▸ Exercise directions: Could you copy exactly the lines below, beginning at the line with "2013年11月3日下午,习" and stopping after the line with "There are many", with no pictures?

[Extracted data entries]
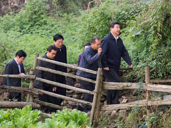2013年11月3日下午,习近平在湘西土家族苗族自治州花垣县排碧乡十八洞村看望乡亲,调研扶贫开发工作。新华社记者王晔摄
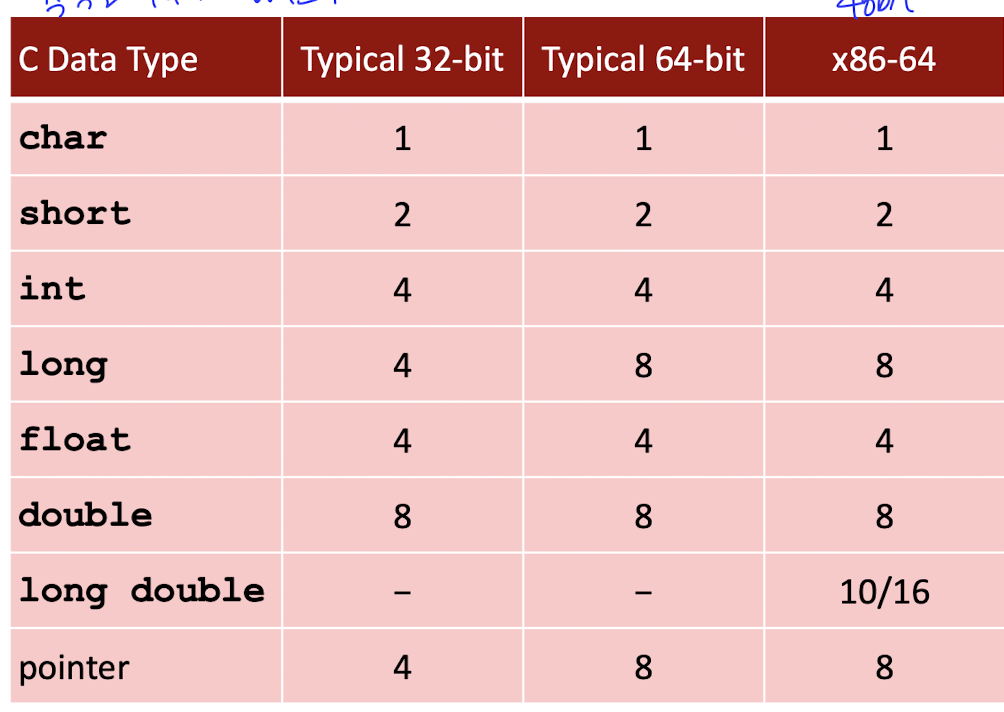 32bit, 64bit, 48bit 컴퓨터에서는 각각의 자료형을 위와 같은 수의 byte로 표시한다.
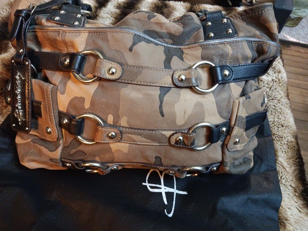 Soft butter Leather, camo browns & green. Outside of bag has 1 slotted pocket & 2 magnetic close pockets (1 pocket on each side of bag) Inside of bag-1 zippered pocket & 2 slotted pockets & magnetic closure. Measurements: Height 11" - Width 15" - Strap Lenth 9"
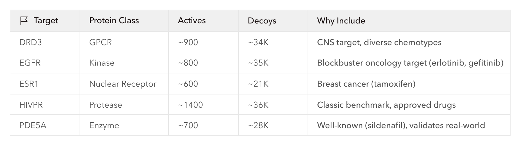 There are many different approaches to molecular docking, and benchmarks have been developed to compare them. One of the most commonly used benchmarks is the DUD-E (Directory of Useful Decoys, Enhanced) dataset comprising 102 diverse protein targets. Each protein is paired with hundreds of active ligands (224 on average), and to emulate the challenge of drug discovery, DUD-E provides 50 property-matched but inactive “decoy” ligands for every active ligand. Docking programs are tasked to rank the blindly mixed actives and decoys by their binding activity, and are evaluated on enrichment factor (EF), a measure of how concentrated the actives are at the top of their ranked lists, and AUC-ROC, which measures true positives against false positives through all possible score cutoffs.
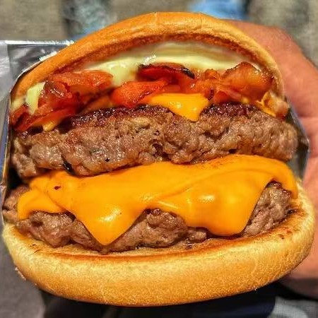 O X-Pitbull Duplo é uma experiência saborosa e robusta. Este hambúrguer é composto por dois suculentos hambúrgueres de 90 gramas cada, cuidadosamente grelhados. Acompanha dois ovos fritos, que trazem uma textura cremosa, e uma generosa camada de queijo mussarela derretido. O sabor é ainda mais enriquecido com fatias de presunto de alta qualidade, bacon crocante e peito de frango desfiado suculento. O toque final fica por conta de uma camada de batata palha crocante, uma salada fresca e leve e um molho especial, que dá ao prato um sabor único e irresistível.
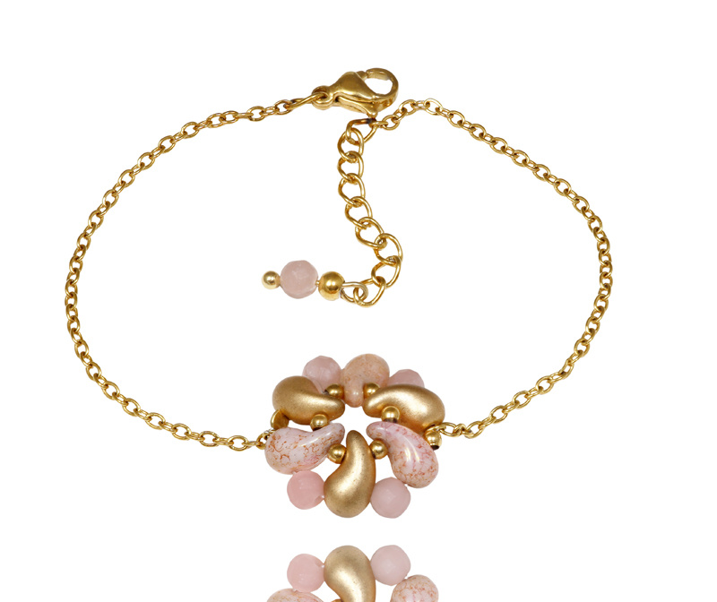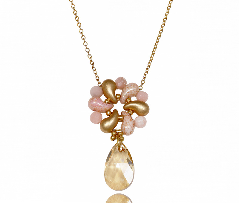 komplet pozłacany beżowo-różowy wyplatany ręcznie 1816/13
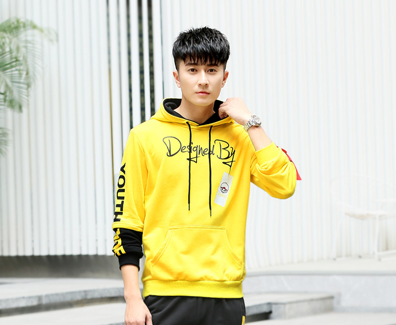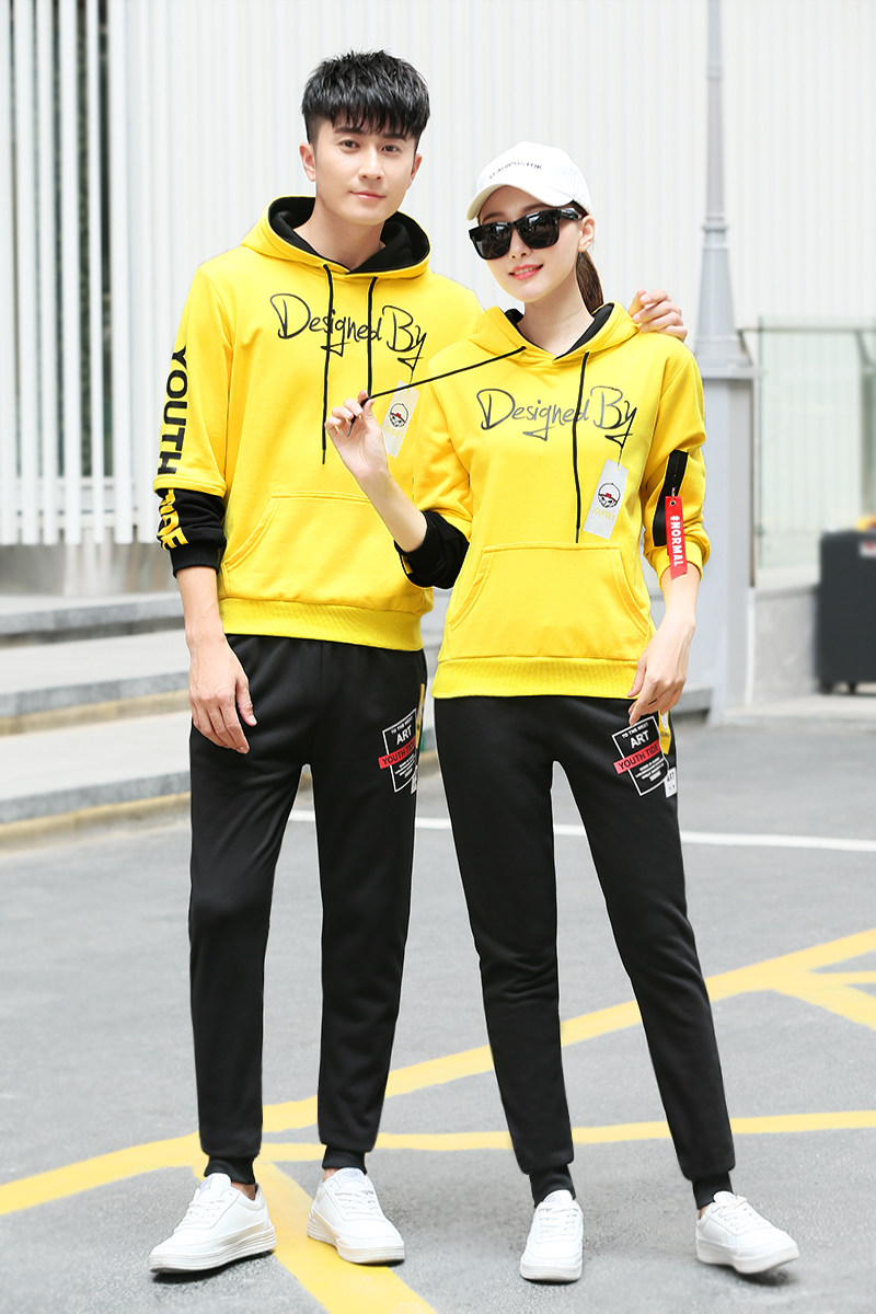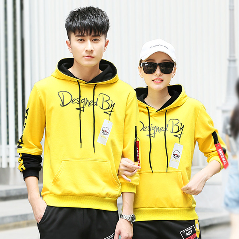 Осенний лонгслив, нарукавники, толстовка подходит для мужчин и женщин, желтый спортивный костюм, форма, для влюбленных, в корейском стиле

--

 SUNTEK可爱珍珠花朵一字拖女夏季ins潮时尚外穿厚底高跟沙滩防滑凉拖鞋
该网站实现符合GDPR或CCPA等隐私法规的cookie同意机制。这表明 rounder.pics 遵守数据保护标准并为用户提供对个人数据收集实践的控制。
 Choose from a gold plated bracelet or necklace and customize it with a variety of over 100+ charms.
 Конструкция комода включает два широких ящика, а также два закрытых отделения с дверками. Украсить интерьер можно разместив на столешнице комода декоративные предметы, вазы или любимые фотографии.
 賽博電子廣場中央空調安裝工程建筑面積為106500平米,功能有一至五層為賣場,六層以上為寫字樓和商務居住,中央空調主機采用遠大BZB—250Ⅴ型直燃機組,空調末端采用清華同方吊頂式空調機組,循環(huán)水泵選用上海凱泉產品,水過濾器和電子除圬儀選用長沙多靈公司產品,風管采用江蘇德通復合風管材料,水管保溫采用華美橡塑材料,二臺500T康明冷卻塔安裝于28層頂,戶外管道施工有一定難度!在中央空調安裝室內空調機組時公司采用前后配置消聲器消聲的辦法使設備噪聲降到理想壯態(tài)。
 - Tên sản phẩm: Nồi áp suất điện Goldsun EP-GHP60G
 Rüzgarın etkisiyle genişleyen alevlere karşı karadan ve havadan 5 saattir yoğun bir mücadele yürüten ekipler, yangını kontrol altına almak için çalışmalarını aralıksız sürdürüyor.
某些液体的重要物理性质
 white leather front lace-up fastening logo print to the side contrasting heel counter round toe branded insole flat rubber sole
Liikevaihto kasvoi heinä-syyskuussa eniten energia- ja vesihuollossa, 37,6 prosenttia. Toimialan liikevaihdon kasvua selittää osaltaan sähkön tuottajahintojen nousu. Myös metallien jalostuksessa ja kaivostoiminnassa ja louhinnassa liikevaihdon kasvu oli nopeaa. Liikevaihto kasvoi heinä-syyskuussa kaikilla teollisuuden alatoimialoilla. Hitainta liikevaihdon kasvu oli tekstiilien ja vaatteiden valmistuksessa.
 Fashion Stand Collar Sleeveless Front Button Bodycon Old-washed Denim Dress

▸ Response:
2013年11月3日下午,习近平在湘西土家族苗族自治州花垣县排碧乡十八洞村看望乡亲,调研扶贫开发工作。新华社记者王晔摄
 32bit, 64bit, 48bit 컴퓨터에서는 각각의 자료형을 위와 같은 수의 byte로 표시한다.
 Soft butter Leather, camo browns & green. Outside of bag has 1 slotted pocket & 2 magnetic close pockets (1 pocket on each side of bag) Inside of bag-1 zippered pocket & 2 slotted pockets & magnetic closure. Measurements: Height 11" - Width 15" - Strap Lenth 9"
 There are many different approaches to molecular docking, and benchmarks have been developed to compare them. One of the most commonly used benchmarks is the DUD-E (Directory of Useful Decoys, Enhanced) dataset comprising 102 diverse protein targets. Each protein is paired with hundreds of active ligands (224 on average), and to emulate the challenge of drug discovery, DUD-E provides 50 property-matched but inactive “decoy” ligands for every active ligand. Docking programs are tasked to rank the blindly mixed actives and decoys by their binding activity, and are evaluated on enrichment factor (EF), a measure of how concentrated the actives are at the top of their ranked lists, and AUC-ROC, which measures true positives against false positives through all possible score cutoffs.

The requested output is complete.